THE GOP PLAN IS DEFINITELY NOT TAX REFORM
…Are we back to “Taxation without Representation?”
There’s a big difference between “tax cuts” and “tax reform”.
As I have
previously stated, I am not a fiscal tax expert or a well-established
economist.
But I am a
retired business man that does understand the difference between tax cuts and
tax reform.
Please be
aware that, as you are listening to what is mostly horse manure from those in
the Congress trying to pass the ridiculous tax cut/reform bill now being
debated, try to remember and apply the following:
Tax Cuts:
“In order to responsibility have tax cuts in
any economy, when you cut one person’s taxes or one company’s taxes, you then
have to raise somebody’s or some other taxes to compensate for the tax
cuts. Otherwise, the responsibility for
not being deficit-neutral is that paying for the tax cut deficit will fall on
our children’s, or their children’s shoulders.”
Tax Reform:
“Tax reform is very different from tax
cuts. Tax reform is when you change how
you tax, what you tax, how much you tax, and this is all intended as the main
effort for growing the economy.”
So, what’s
going on with the GOP’s tax cut
proposals?
Today’s House
Republican tax plan proposes repealing the state and local tax deductions. Yes it does allow individuals to deduct up to
$10,000 of local property taxes, but it eliminates the rest of the deductions.
In expensive states like California, New York, etc, that $10,000 is
chicken-feed and would end up costing the resident home-owners in those states
billions of tax dollars. This tax policy
approach is precisely backwards to appropriate and smart tax reform. It would end the normal deductions for local
and state taxes.
This treatment
of the state and local tax deduction is one of the central points of contention
in the current tax-reform debate.
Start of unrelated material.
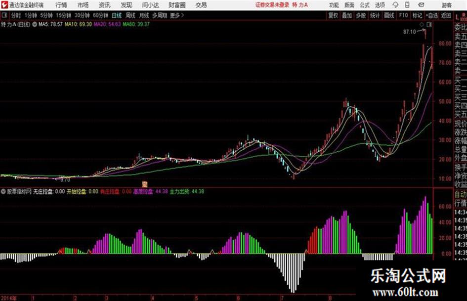 高度控盘:IF(VAR2>50 AND COST(85)<CLOSE AND 控盘>0,控盘,0),COLORFF00FF,NODRAW;

President Trump and most Republicans want to
repeal or modify these deductions, which could raise more than $1 trillion over
the next decade. But as expected, the Republican and Democratic members of
Congress from those expensive high-tax states are protesting any deduction
repeals because it would disproportionately harm their constituents.
The reality is
that the benefits and costs of these proposed state and local tax deductions
are targeted at these high-tax, mostly Blue, Democratic states vs. low-tax,
mostly Red, Republican states. In other
words, as the House Republican tax plan implicitly acknowledges, the issue is a
high-tax state vs. low-tax state, or a rich-locality vs. a poor-locality
issue. This plan would allow the federal
government to provide a disproportionate tax to high-tax states and high-tax
localities, while basically giving low tax GOP
states a free pass.
And those targeted in these high-tax states
would not be just the top 2% wealthiest in those states. It would include all those from lower
middle class to the upper class, if they happen to be home owners.
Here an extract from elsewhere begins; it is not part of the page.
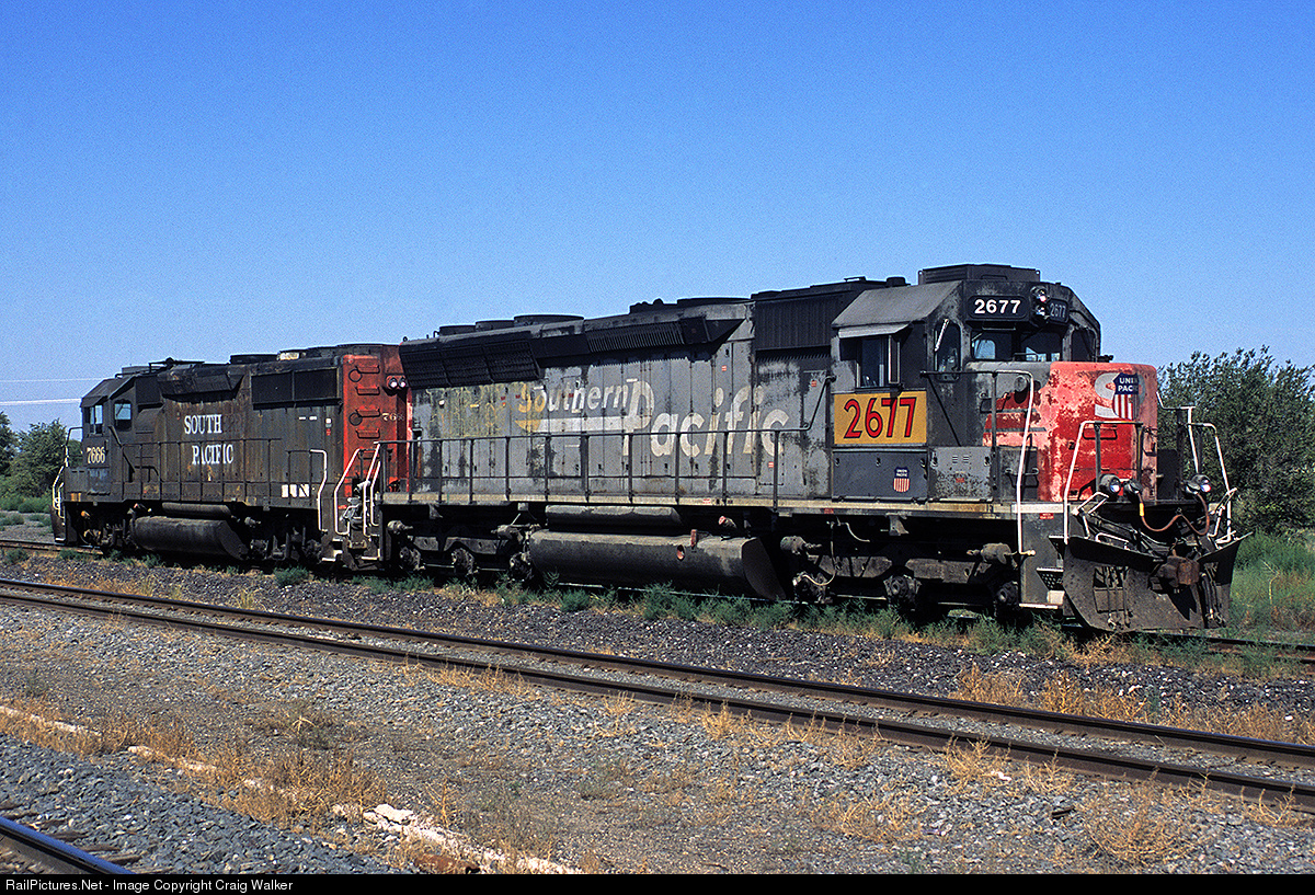 Take notes ... This gets complicated ... A pair of former Southern Pacific diesels are ready for their next assignment in Tucumcari, New Mexico. "South Pacific" 7666 is a GP40-2, but the more interesting unit is Union Pacific 2677: Built in December 1966 as Atlantic Coast Line SD45 1032, it became Seaboard Coast Line 2008 when the ACL and SAL merged. SCL later renumbered it 8908 as part of the Family Lines unified numbering system. It retained the number 8908 when the Family Lines railroads were officially merged into the Seaboard System, and also when SBD merged with the Chessie System roads, making it CSXT 8908. CSX eventually sold it to VMV (where it kept the same number), who unloaded it to MK Rail Corporation. MK rebuilt it as an "SD40M-2," and Southern Pacific acquired it, along with 132 others, in 1993. SP numbered this engine 8601, and with the SP/UP merger in 1996, it became Union Pacific 2677.

It is also important that everyone understand
just what local taxes would be considered as “deductible”.
First, you
must understand that the state and local deductions are two different types of
deductions. This is important because
states and localities fund very different things.
Local taxes
typically benefit those that purchase private goods. When residents pay local
taxes, those taxes fund local schools, parks and recreation, police and fire
agencies, and so on. But wealthy
individuals benefit from their local taxes the same way they benefit from
purchasing a membership to a private club.
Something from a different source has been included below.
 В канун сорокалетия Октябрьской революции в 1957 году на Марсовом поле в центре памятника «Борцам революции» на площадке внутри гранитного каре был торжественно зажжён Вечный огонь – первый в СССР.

No one seriously argues that a membership to a private club should be
deductible, yet that is what most of the deductions for wealthy individuals
that pay local taxes allows.
State taxes,
on the other hand, spend a significantly higher percentage of their revenue on
programs such as state welfare programs, funding for poor school districts and
health care for low-income residents.
However, when wealthy individuals, pay state taxes, that cost looks more
like a charitable contribution, so those deductions are considered to be more justified.
As is expected
of the House Republicans, their proposal is doing just the opposite.
By retaining
deductibility for local property taxes, their approach would continue to
disproportionately subsidize wealthy, country-club-like localities. By eliminating deductibility for state taxes,
the tax plan would end the federal government’s subsidy for state governments,
which spend a significant percentage of their revenue on re-distribution
programs for those less fortunate.
The point of
this bogus Republican tax cut proposal is that it is definitely NOT a tax
reform program and it will slightly benefit the middles class short-term, but
will benefit the wealthy both now and in the future. It will also cost the poor and the middle class
after the first five years and will seriously cost them after ten years.